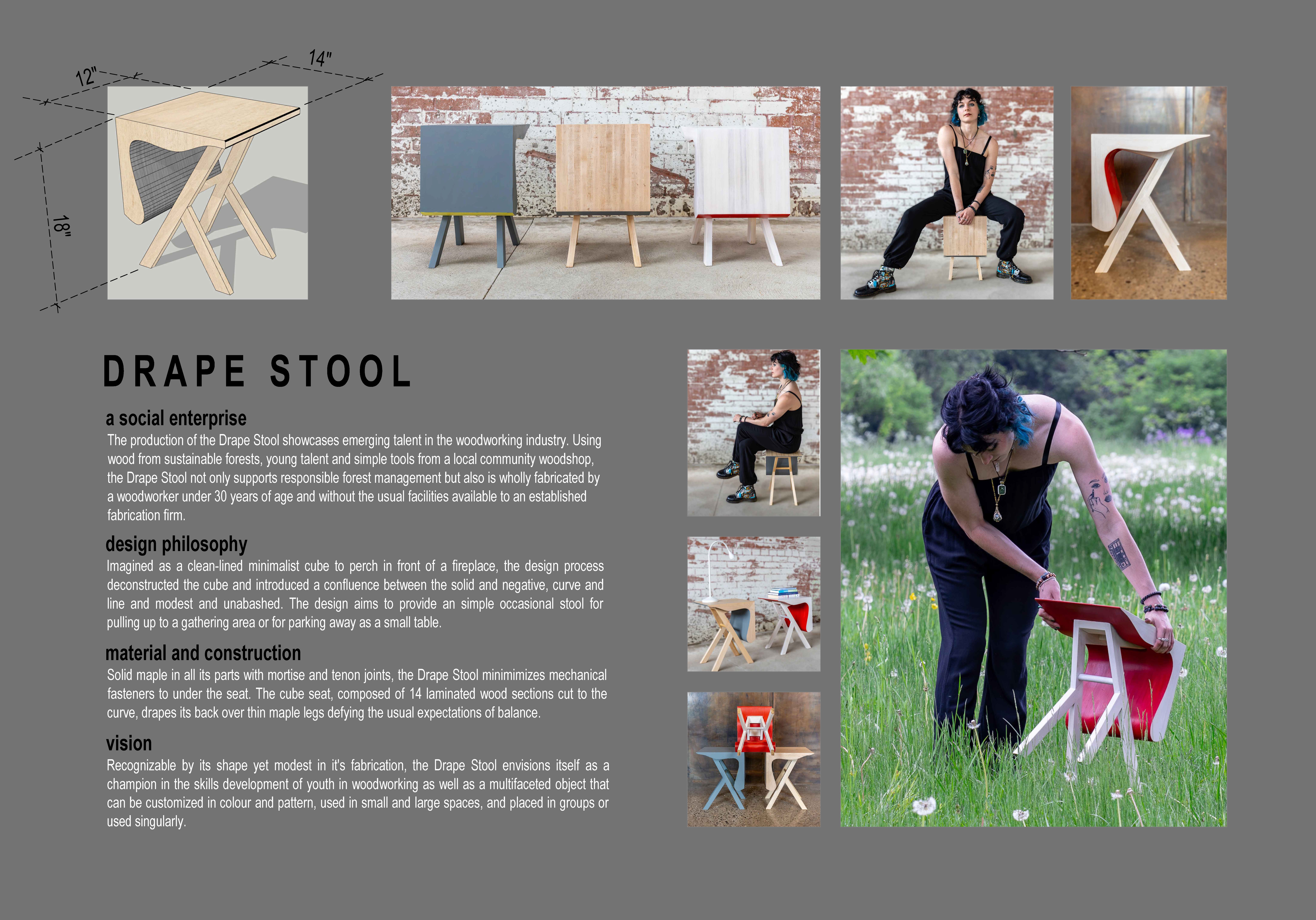 The stool retains a simple but uniquely identifiable shape that carries a social statement. And in this case, an investment in youth in woodworking. The fabrication of this product utilizes a local community woodshop to provide the under 30 age group an opportunity to demonstrate their expertise in woodworking and to advance the craft of fine furniture.
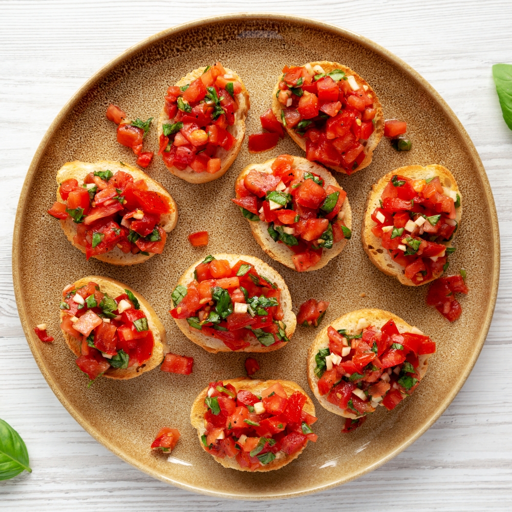 Crispy toasted bread becomes a vehicle for fresh flavors when topped with a quick tomato mixture. Dice ripe tomatoes and combine them with minced garlic, chopped basil, olive oil, and a pinch of salt.
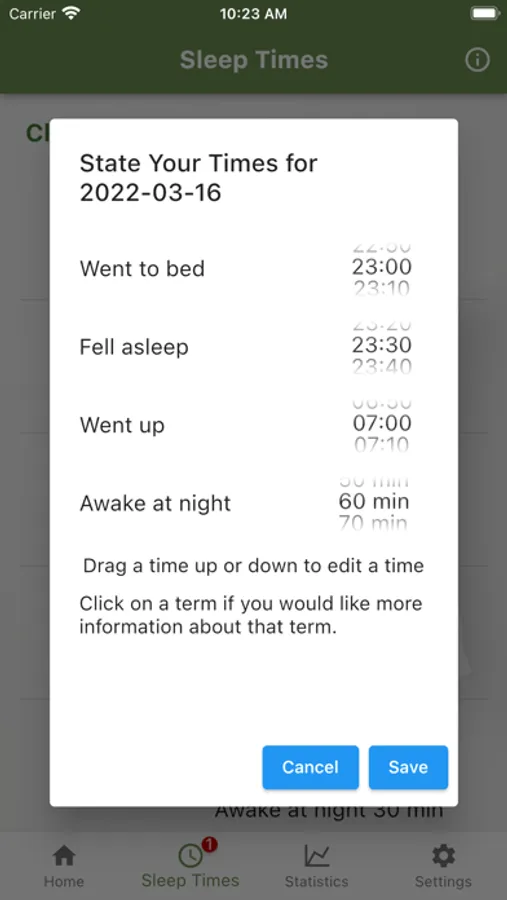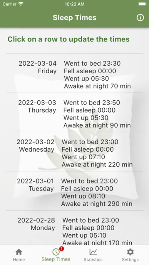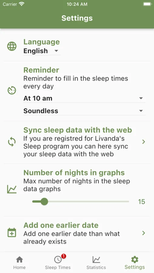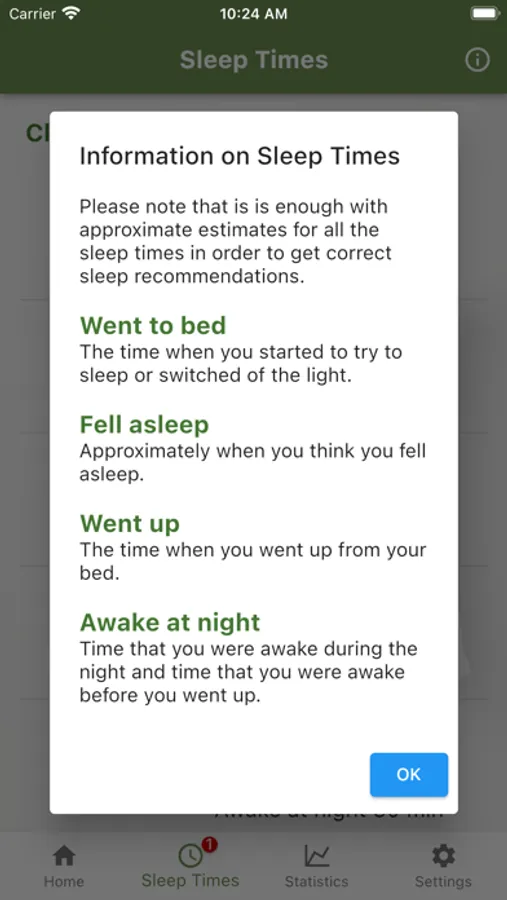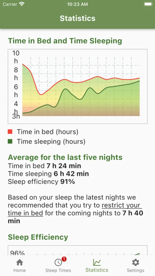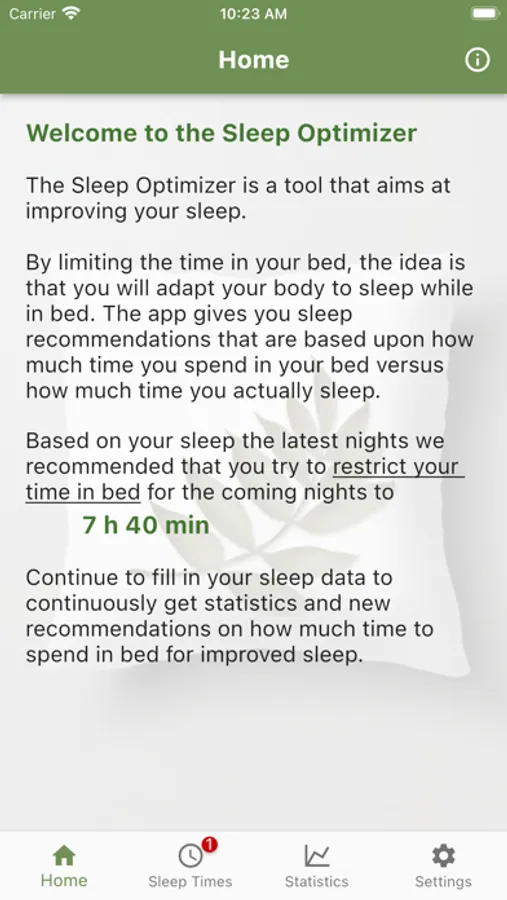 Sleep problems are very common. One way to improve sleep that has proven effective is to limit the time in bed. In this app you log your approximate time spent in bed and approximately how much of this time you have actually slept. Based on your individual sleep habits the app will then give you tailored recommendations for how you in an effective and careful way can limit the number of hours you spend in bed. This to maximize your chances to get good sleep.
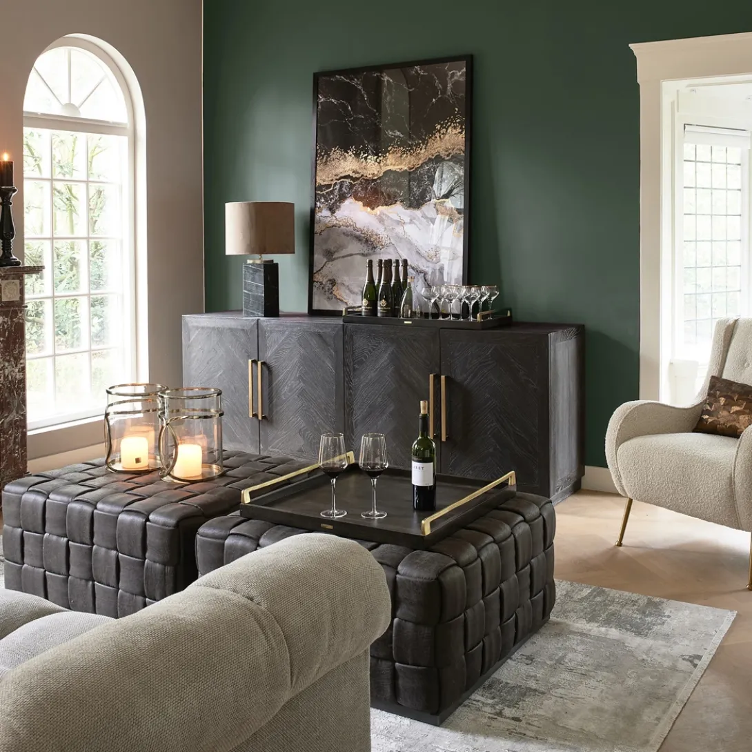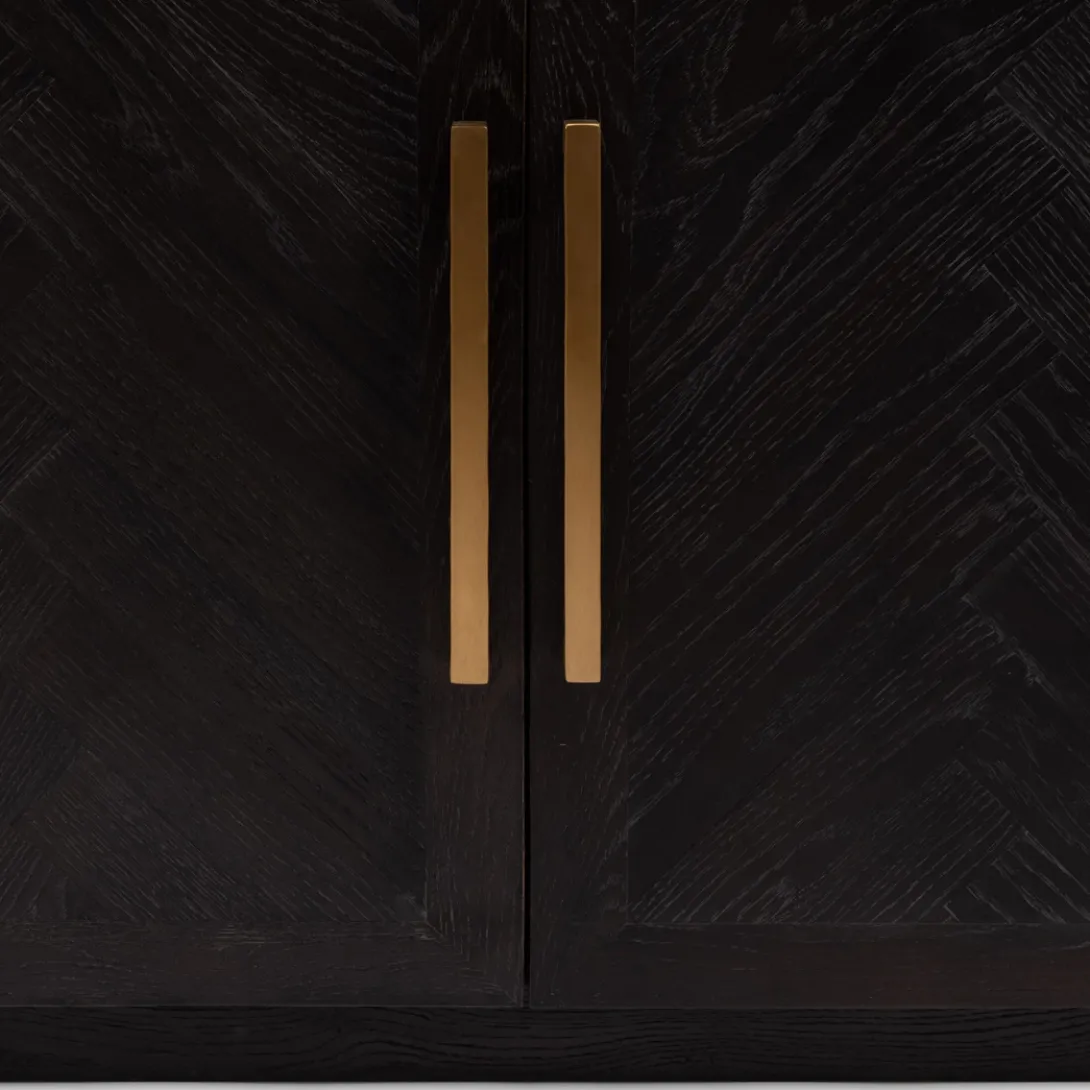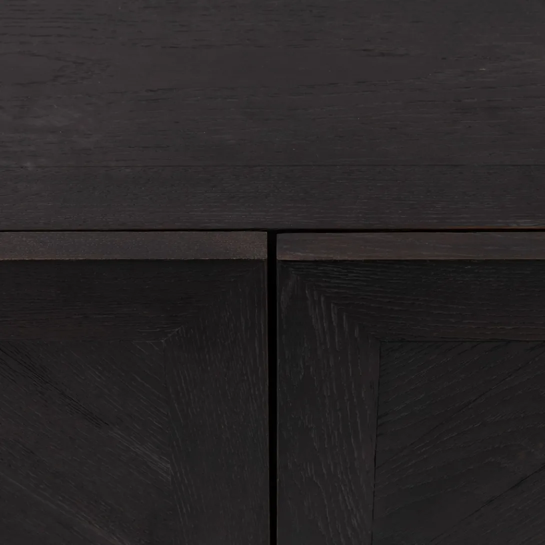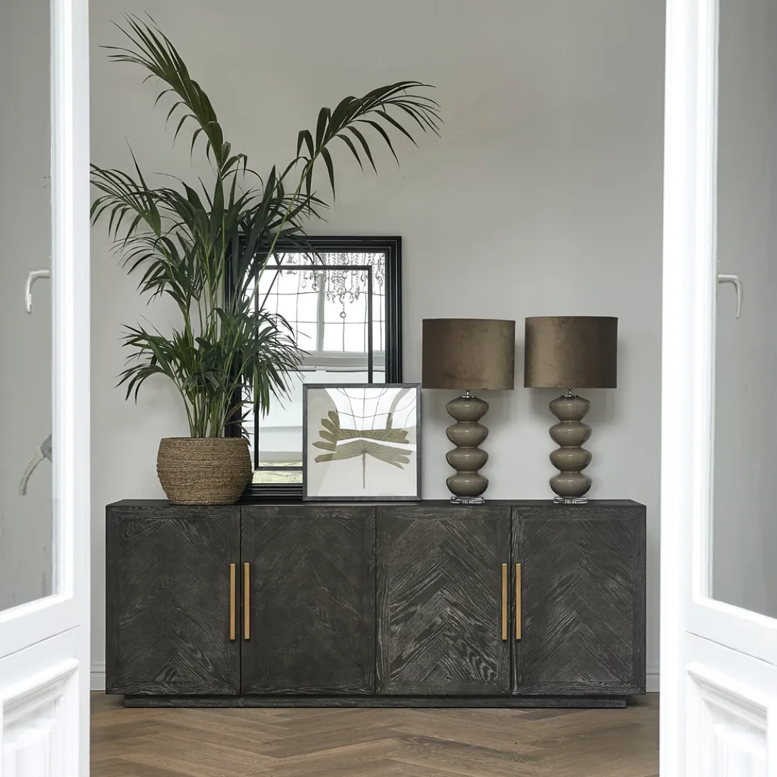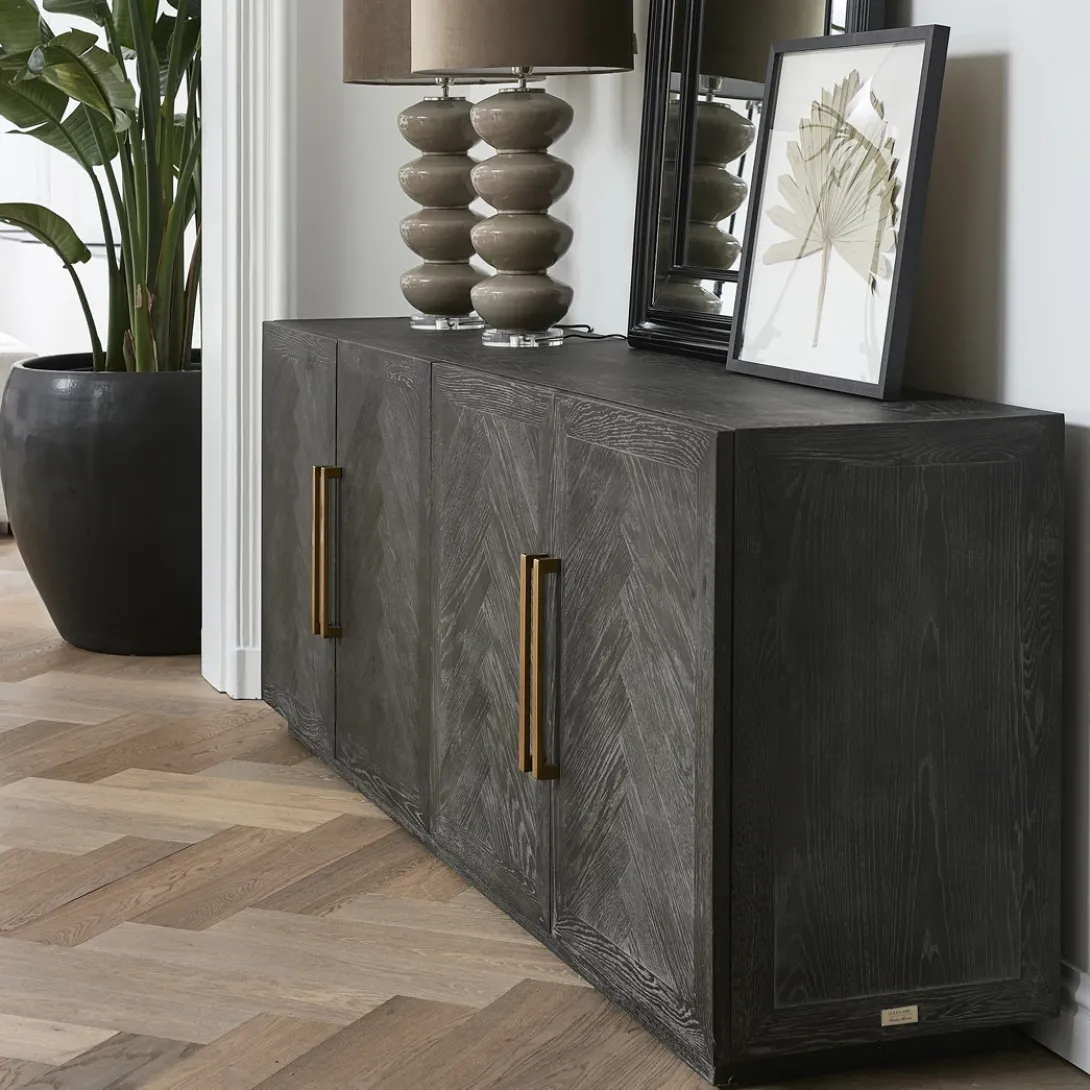 In de 5th Avenue-serie is dit een royaal dressoir van wel 2.30 meter breed. Het hout van deze blikvanger is in een visgraatpatroon gelegd en heeft een donkere coating gekregen, waar de houtnerf doorheen schemert. De vier deuren beschikken over een softclose-mechanisme. Tip: gebruik voor het onderhoud de Premium Wood Care Kit..

•••

### EXERCISE AIM:
The line containing "Crispy toasted bread" marks the end: retype every line from the first one in the listing up to and including it, without pictures.

### RESPONSE FOR THIS EXERCISE:
 The stool retains a simple but uniquely identifiable shape that carries a social statement. And in this case, an investment in youth in woodworking. The fabrication of this product utilizes a local community woodshop to provide the under 30 age group an opportunity to demonstrate their expertise in woodworking and to advance the craft of fine furniture.
 Crispy toasted bread becomes a vehicle for fresh flavors when topped with a quick tomato mixture. Dice ripe tomatoes and combine them with minced garlic, chopped basil, olive oil, and a pinch of salt.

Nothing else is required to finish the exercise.